Elegir lo peor, con entusiasmo

Algunas sociedades han decido seguir el ejemplo de los Estados Unidos e incorporar los principios que les permitieron a los norteamericanos convertirse en un país próspero y rico. La Argentina, por el contrario, se empeña en no admitir las ventajas de un modelo de vida que nos permitiría salir de la pobreza y el subdesarrollo.

Guy Sorman acaba de presentar su último libro, “Made in USA”, en donde, como un Tocqueville moderno, intenta elaborar una guía para entender a los Estados Unidos. Y la pretensión es procedente porque, como Sorman dijo en su paso por la Feria del Libro, en Buenos Aires, nadie entiende a ese país.

Como hemos dicho en esta columna en otras ocasiones, los Estados Unidos constituyen un fenómeno completamente original en la historia del mundo. Nunca, ni antes ni después de su nacimiento como república independiente, un proyecto nacional se propuso la epopeya norteamericana. Una epopeya que, justamente, consiste en la negación del esquema que la historia mundial ha conocido por doquier, esto es, que sólo un puñado de iluminados tiene acceso a la verdad y que, desde allí, su deber consiste en traducírsela ya digerida al “pobre” hombre común. Esto sí es épico para el mundo: un conjunto de cruzados deshaciéndose por la felicidad de los demás.

El proyecto norteamericano no tiene nada de épico y allí, justamente, reside su grandiosidad. El proyecto norteamericano son, hoy en día, casi 300 millones de proyectos.
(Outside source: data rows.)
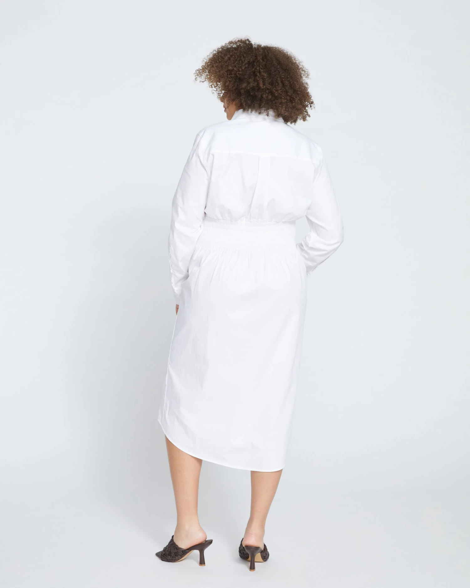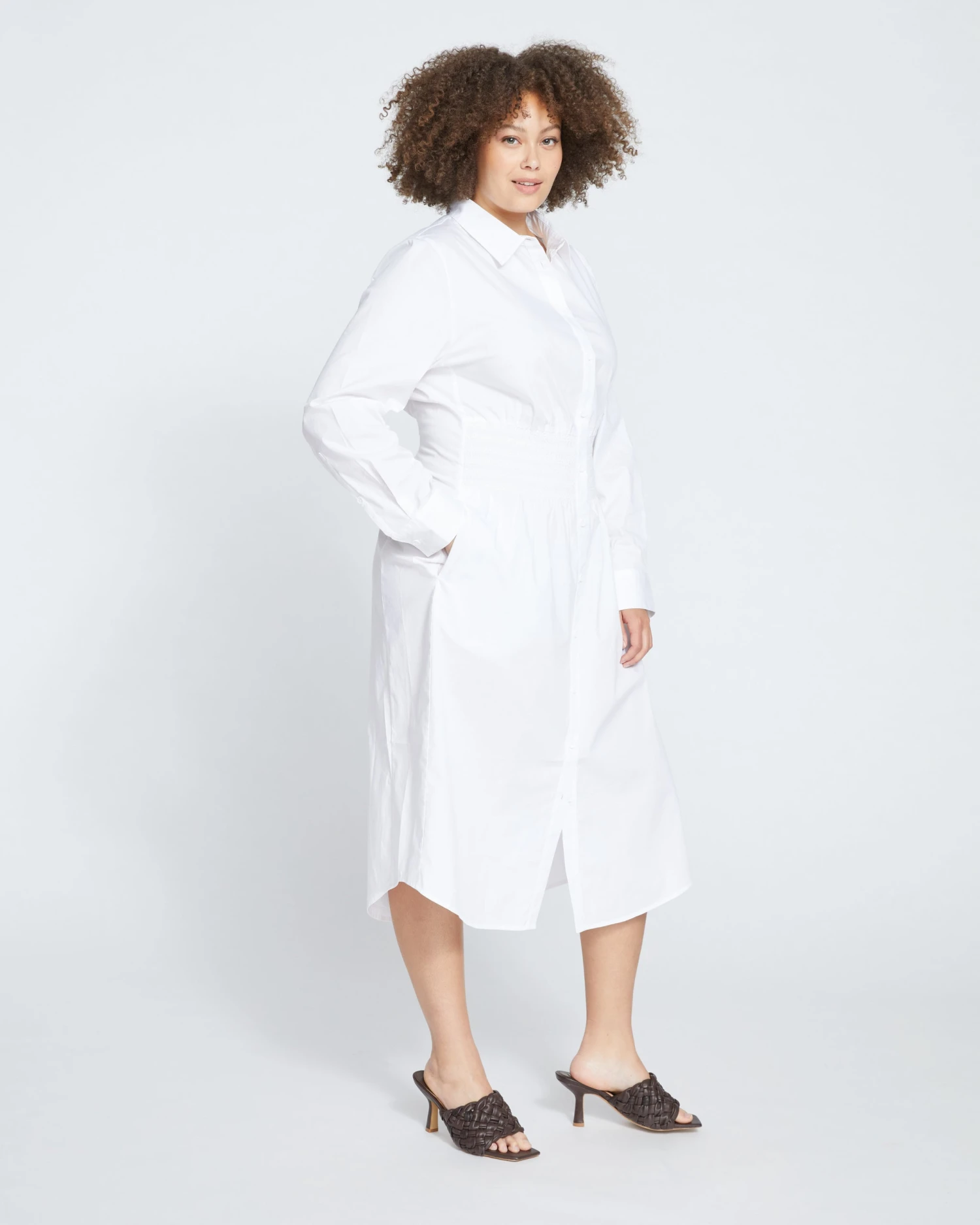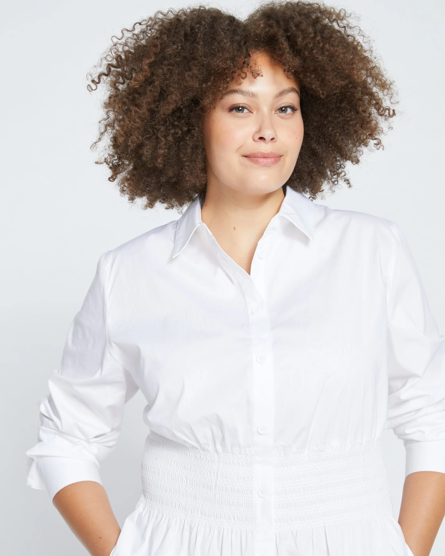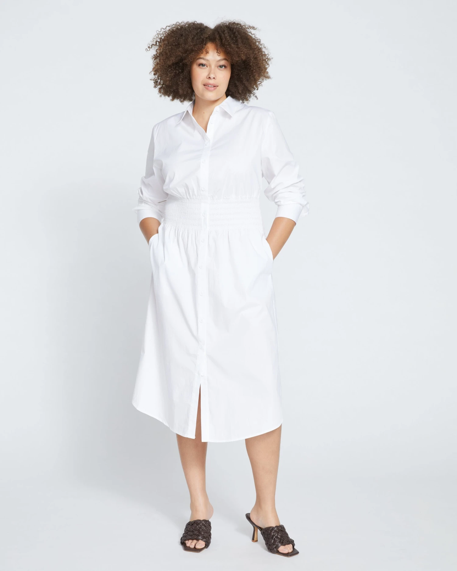 Did you just step off your private helicopter and onto your beachfront patio, or is it just the shirt dress? Perfectly classic with a chic update, this stretch poplin dress features smocking to comfortably cinch the waist and lend a little definition to the oversized silhouette. Additional hidden details make this piece a must-have: separate side panels to prevent pulling and hidden snaps between each value. You’ll live in this one.
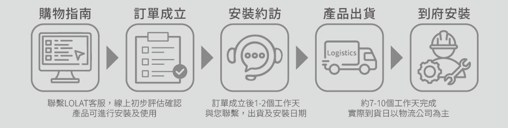 - 配送至安裝完成約需7-10個工作天不含假日,實際狀況依照師傅排程為主。
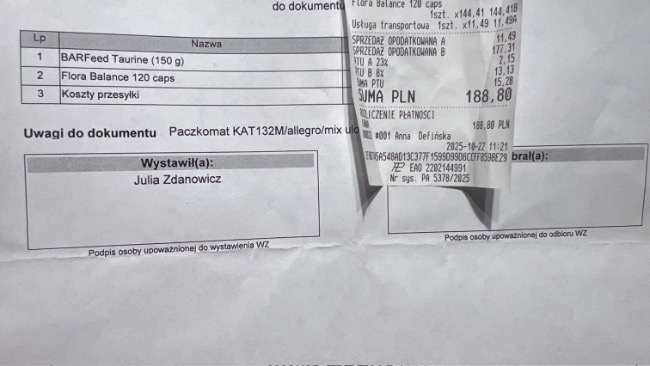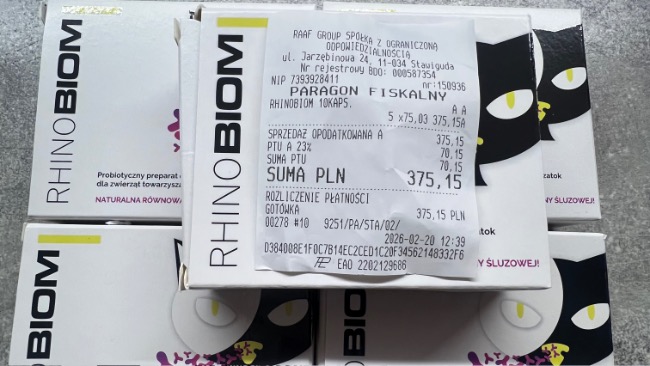 Został zamówiony RhinoBIOM z firmy AniBiom to specjalistyczny, probiotyczny preparat przeznaczony do pielęgnacji nosa i zatok. Wspiera naturalną mikroflorę błony śluzowej, pomagając w łagodzeniu podrażnień, infekcji bakteryjnych/wirusowych oraz problemów z nadmierną wydzieliną
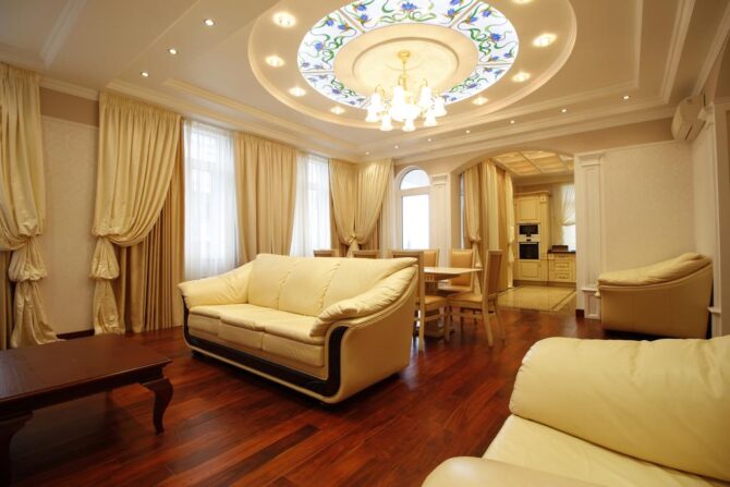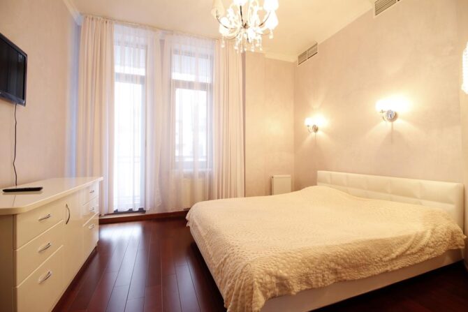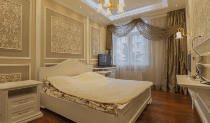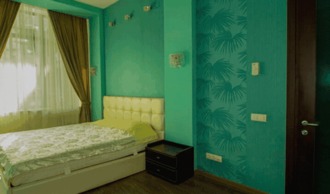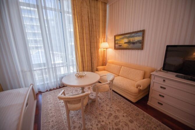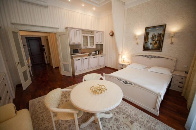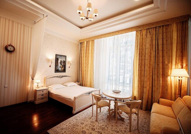Апартаменты с 1 спальней имеют площадь в 110 м2 и зонирование в виде студии: огромная гостиная с встроенной кухней, спальня, большой санузел и балкон. Оснащение: гидромассажная ванна, биде, стиральная машина, кондиционер и TV с кабельным телевидением. Чистое бельё, косметический набор, фен, утюг. Это стандартное оснащение для всех номеров. Ремонт неплохой: стены в светлых тонах, на полу плитка, навесные потолки из ГКЛ, декоративные украшения. Современная мягкая и сборная мебель подобрана в едином стиле. Помещение рассчитано на проживание 3-5 человек.
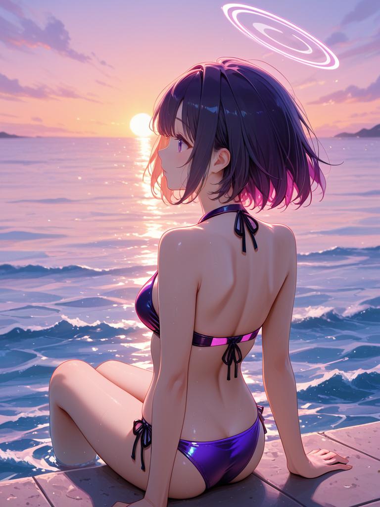 1girl, Neon orange halter neck bikini top, crisscross back design, high-cut neon purple bikini bottom, lightweight polyester blend, bold color blocking, chic and sporty look, great for sunbathing and swimming.
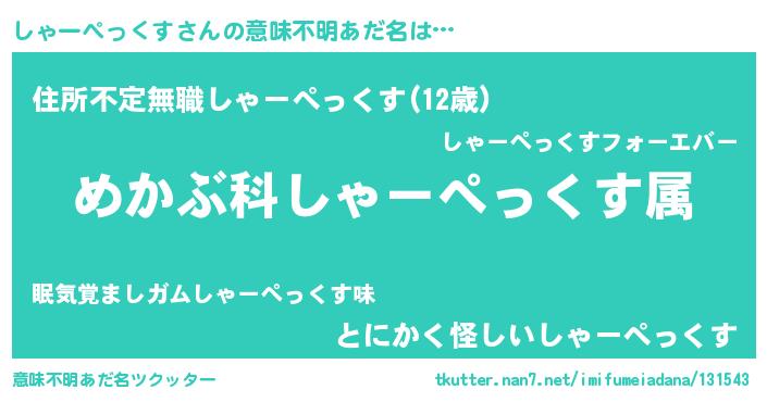 | 欧米人風あだ名 | 『トリンドルしゃーぺっくす』 |
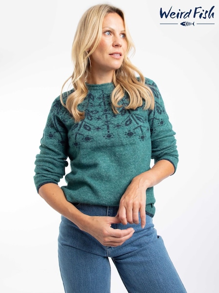 Weird Fish Green Miska Fair Isle Pattern Jumper
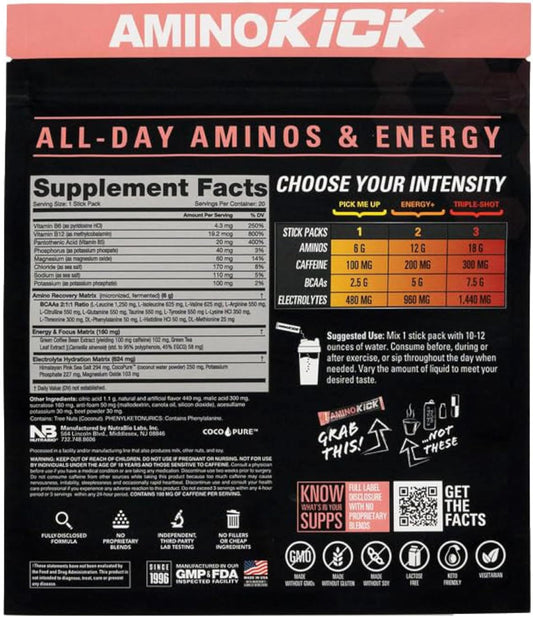 NutraBio Amino Kick Raspberry Lemonade - Performance Formula for Energy, Hydration, Recovery - 20 Servings - 6g Amino Acids - Muscle Building Support
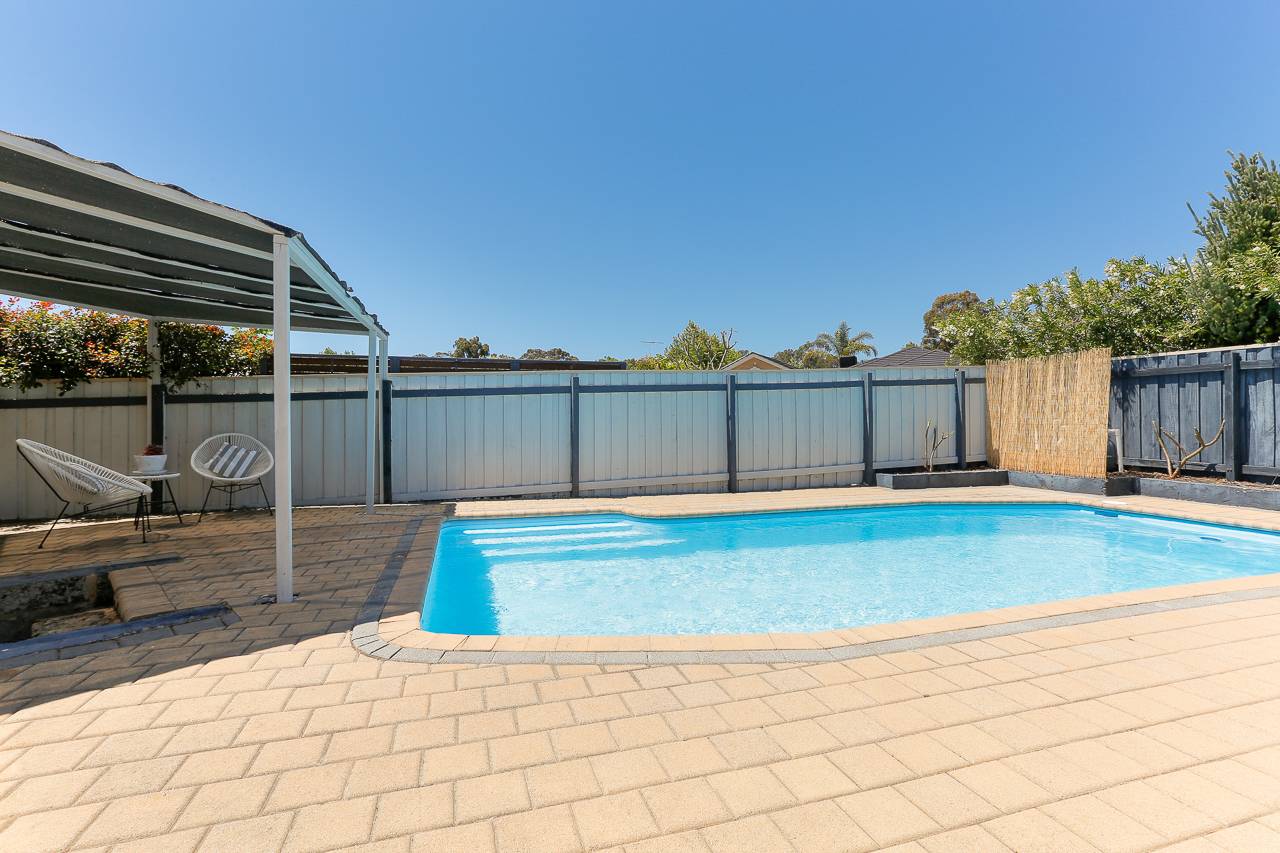 To the rear of the property is a huge low maintenance yard with below ground chlorinated pool. A small powered workshop is situated around the back left to the rear of the garage.
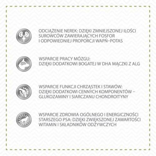 - Odciąża nerki dzięki obniżeniu surowców bogatych w fosfor oraz odpowiednim proporcjom wapnia do fosforu
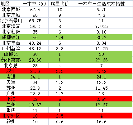 为了研究父母付出生活成本和孩子发展之间的关系,我创造了一个指数:房价——一本率指数,即把生活成本抽象为当地房价,把教育抽象为一本率。下面我随机搜取部分地区为大家提供参考。 总排列按一本率排列,绿色标注部分为指数>20的地区,红色<5的地区。北京郊区没有数据,不过市区一本率都过半了,我们就假设它为10%,跟全国平均相等。
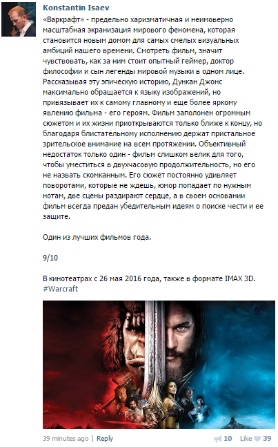 Ложка дёгтя: http://www.pcgamer.com/the-first-warcraft-movie-reviews-are-in/?utm_content=buffer47dab&utm_medium=social&utm_source=facebook&utm_campaign=buffer_pcgamer
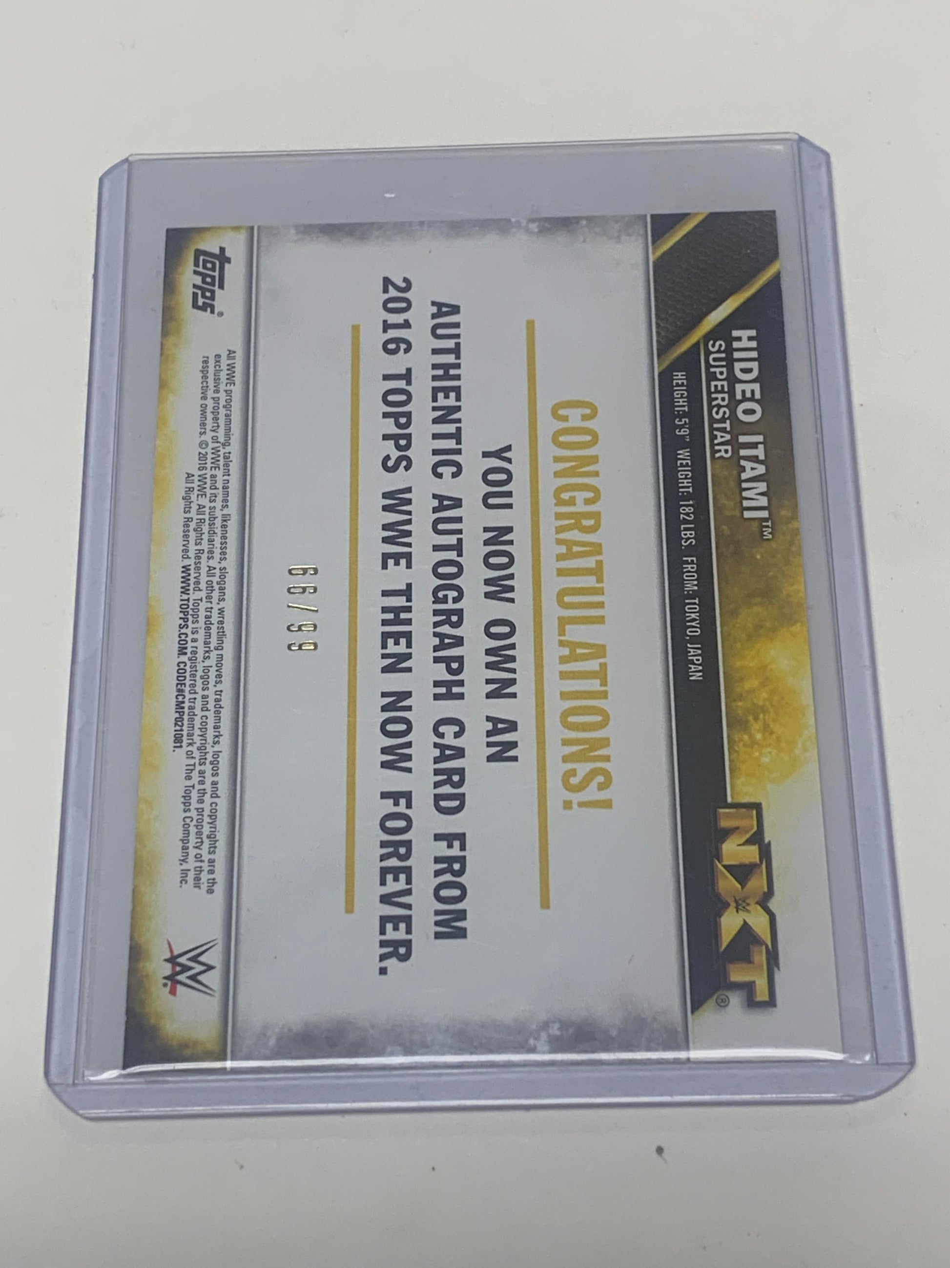Hideo Itami 2016 WWE NXT SIGNED Card #’ed 66/99
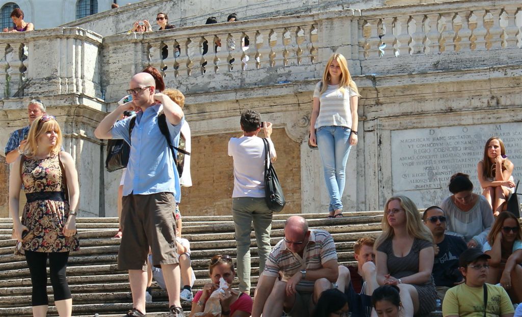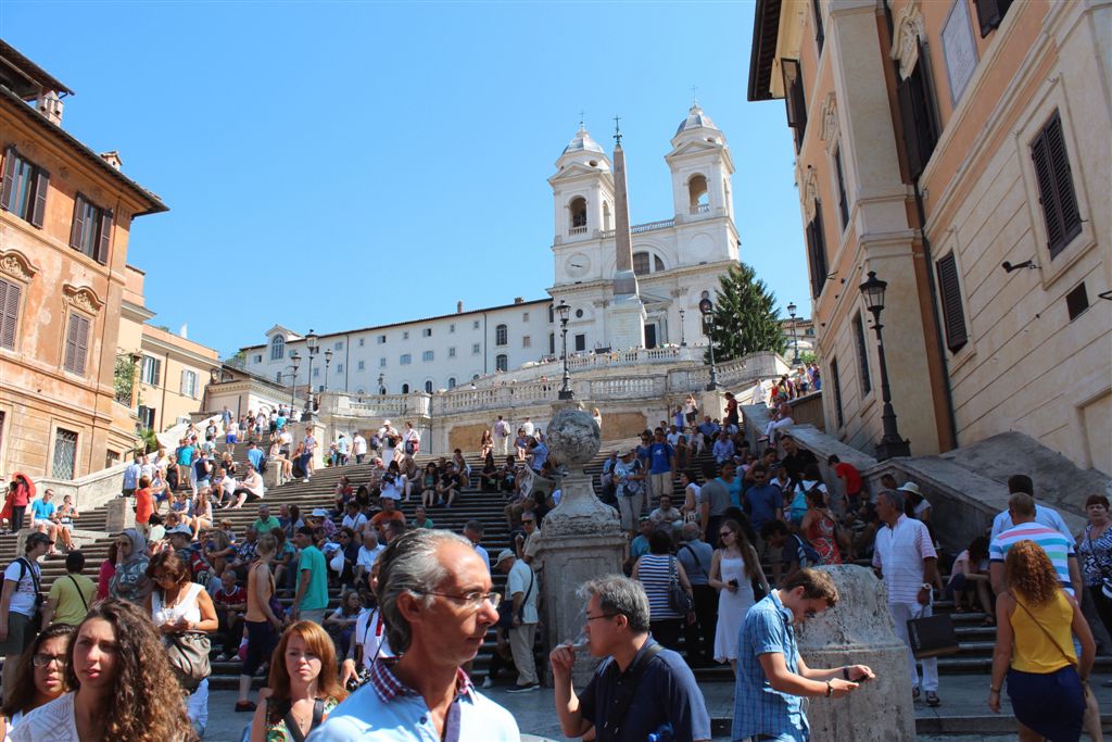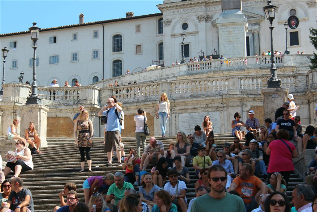 [These are the Spanish Steps. To be honest (and why wouldn’t I be), I had never heard of them before. I had heard of Rome before, however. There are 135 steps between the top and the bottom, and they were built in the 18th century so Spaniards could go up and down. It is the widest staircase in Europe, which is fortunate, because a lot of people are using them! 😉 ]
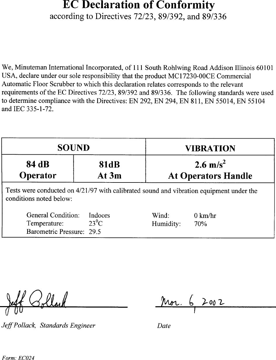 or guarantees of their manufacturers. Please contact Minuteman International, Inc. for procedures in warranty claims against
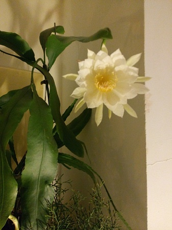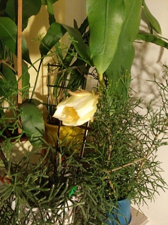 Только вчера наблюдала потрясающее зрелище - распускалась Царица ночи. Два огромных ветка с сильным ванильным запахом. Сегодня утром вся эта красота увяла.
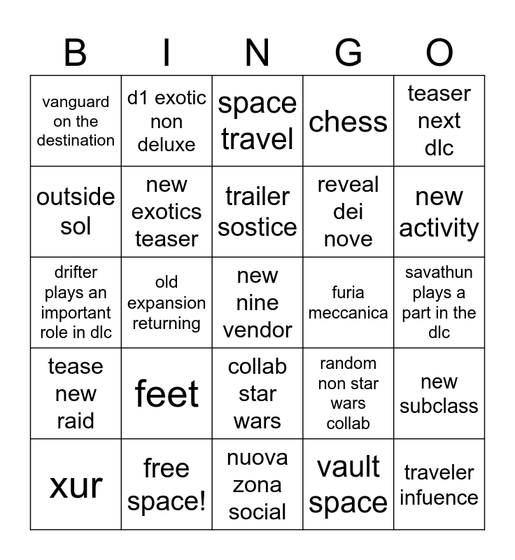This bingo card has a free space and 24 words: feet, free space!, trailer sostice, xur, teaser next dlc, vanguard on the destination, outside sol, d1 exotic non deluxe, furia meccanica, collab star wars, reveal dei nove, drifter plays an important role in dlc, random non star wars collab, new subclass, new exotics teaser, vault space, savathun plays a part in the dlc, space travel, new activity, old expansion returning, traveler infuence, tease new raid, chess and nuova zona social.

La arrogancia pública se derrumba frente a la original frase de la Declaración de la Independencia: “Sostenemos estas verdades como autoevidentes: que todos los hombres son creados iguales y dotados por el Creador con ciertos derechos inalienables, entre ellos, la vida, la libertad y la búsqueda de la felicidad”.

Esta referencia a la felicidad individual, de acuerdo a cómo cada uno la defina, es el más poderoso misil jamás lanzado a la creencia de que los perfiles de la vida pueden ser definidos por alguien ajeno a nuestra propia persona. Esta es la gran contribución norteamericana a la filosofía de la vida.

Pero el mundo siempre vivió según los patrones contrarios. Hasta se puede suponer que resulta más cómodo esperar que nos digan cómo tenemos que vivir que decidirlo por nosotros mismos. Y hasta se puede concluir que es normal, entonces, que la enorme mayoría de la humanidad se haya inclinado por la comodidad. Pero el mundo no tiene derecho a enojarse por la diferencia entre lo conseguido por uno y otro modelo, porque la elección ha sido voluntaria: en uno y otro caso, unas sociedades eligieron la comodidad del modelo impuesto de arriba hacia abajo de modo general y otra –la norteamericana– eligió desembarazarse al mismo tiempo de la cálida mano que todo dice resolver y de los verdugos de la libertad.

El resultado de las distintas preferencias está a la vista. Los Estados Unidos han inventado el mundo moderno. Como dice Sorman, todo lo contemporáneo es norteamericano, nos guste o no. Y ese resultado fue conseguido por menos del 0,5% de la población mundial y en menos de 300 años.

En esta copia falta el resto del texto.